We are, said the president, not just a nation of individuals but a national community where success is measured on whether we all succeed or fail:

For the American people can no more meet the demands of today's world by acting alone than American soldiers could have met the forces of fascism or communism with muskets and militias. No single person can train all the math and science teachers we'll need to equip our children for the future, or build the roads and networks and research labs that will bring new jobs and businesses to our shores. Now, more than ever, we must do these things together, as one nation and one people.

It is not enough that we have come so far in American life - through the Civil Rights Movement and on the road to equality between the sexes - when so many are still lift behind in the United States, argued President Obama forcefully.

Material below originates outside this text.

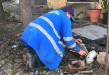 Equipe do SAAE realiza conserto de vazamento causado pelas raízes das plantas em Quixeramobim.

For our journey is not complete until our wives, our mothers and daughters can earn a living equal to their efforts. Our journey is not complete until our gay brothers and sisters are treated like anyone else under the law -- for if we are truly created equal, then surely the love we commit to one another must be equal as well. Our journey is not complete until no citizen is forced to wait for hours to exercise the right to vote. Our journey is not complete until we find a better way to welcome the striving, hopeful immigrants who still see America as a land of opportunity -- until bright young students and engineers are enlisted in our workforce rather than expelled from our country. Our journey is not complete until all our children, from the streets of Detroit to the hills of Appalachia, to the quiet lanes of Newtown, know that they are cared for and cherished and always safe from harm.

From my vantage point on the grounds of the U.S. Capitol Building you could see soldiers and veterans, gay couples and immigrants, women and men, young students and seniors loudly applaud the president's message and vision. Parents lifted their children up high to see the historic sight and hear these historic words. America needs to be a place that works for all people, President Obama maintained in his address. He summed a spirit of national unity and common purpose in his words.

The president also left no illusions about the challenges ahead of us. We still have to confront an economy that leaves too many trapped in poverty and the world is in peril if we do not address climate change.

But President Barack Obama left little doubt that for his part the time for "name-calling as reasoned debate" is over. It's time to move forward.

Dr. King, I suspect, would have been proud. Yet I think it is also safe to assume that the Alabama preacher would also be calling on the faith community to aid the president when possible and to push him, along with Congress and the public, when needed.